Algorithm to Detect Articulation Point in a Graph
  1. Parent Array(par[node]): We will also maintain a parent array to keep track of the parent of each node. Parent[i] for a node i determines from which node did the DFS call has been made to node i. Source node has parent = -1.
    • In the below graph value written to the side of the node are the parent values of that node.
    • Node 2 has a parent value equal to 1, which is indeed the node that made the DFS call to node 2. Node 2 then made DFS call to node 5 and node 3, that’s why their parent values are 2.
Parent Array
  1. Lowest Reachable Ancestor(low[node]): The low value of a node is the lowest possible discovery time of a previously discovered node if we ignore the current DFS path.
Lowest Reachable Ancestor
  • Consider the above graph, if the source node is 1 then
    • Low[1] = 1, because it is the first node to be discovered in DFS call
    • Low[2] = 2, because there is no other path leading to any other previously discovered node except the current path.
    • Low[3] = 3, because there is no other path leading to any other previously discovered node except the current path.
    • Low[4] = 1, because there is a path from node 4 to node 1, which is not the current DFS path and is leading to a previously discovered node.
    • Low[5] = 5, because there is no other path leading to any other previously discovered node except the current path.

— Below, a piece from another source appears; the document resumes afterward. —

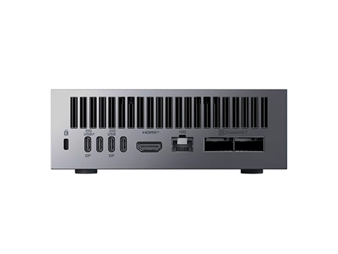 インターフェイスは3×USB 3.2 Gen 2x2 Type-C, 20Gbps, alternate mode (DisplayPort)、1×USB 3.2 Gen 2x2 Type-C, with PD in (180W EPR PD3.1 SPEC)、1×HDMI 2.1、1×NVIDIA ConnectX-7 SMART NIC、1×10G LAN。
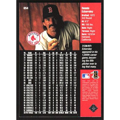 This is a 1998 Upper Deck Dennis Eckersley baseball card. The card is #654 and pictures show condition.

Algorithm to find the Articulation Point

  1. Take a source node and make a DFS call, assign both the low[] value and disc[] time equal to time, as disc[] will not change but low[] value might change when we backtrack from a node in DFS call. In graph there are multiple paths to visit the same node and it might affect the discovery time of the node, so to make sure that we always keep the lowest low[] time for each node we update the low[] value while returning from DFS call.
  2. When we visit a neighbor in the DFS call one of the three conditions will be true,
    • If the neighbor is the parent node, then
      • Continue to next neighbor, because we don’t want to visit the node again which is already visited and the parent is already visited.
    • If the neighbor is not a parent but already visited
      • Reassign the low value of the current node with the minimum of low[] value of the current node and disc[] value of neighbor.
      • low[current_node] = minimim_of(low[current_node], disc[neighbour])
      • The reason why we did this is that there might be a possibility to get a less low[i] time for a current node i and low[i] is the lowest possible discovery time of node i.
    • Neighbour is not visited, of course, not a parent as well
      • Make DFS call to the neighbor
        • DFS(neighbour)
      • While returning from DFS call, update low[] value
        • low[current_node] = minimim_of(low[current_node], low[neighbour]), same as we discussed in the first step.
      • Now it’s time to detect the articulation point
        • If the current node is the parent node, (par[current_node] = -1), then count the number of DFS calls made from the parent. If the count is greater than 1, then the current node is an Articulation point.
        • Because if it’s a parent node and count of DFS calls is greater than 1, then more than 1 DFS call is being made from the source node, which is only possible when source node is the only junction between two components of a graph.
        • If the current node is not the parent node, then check if (low[neighbout] >= disc[current_node]) if this is true then, current node is an Articulation point.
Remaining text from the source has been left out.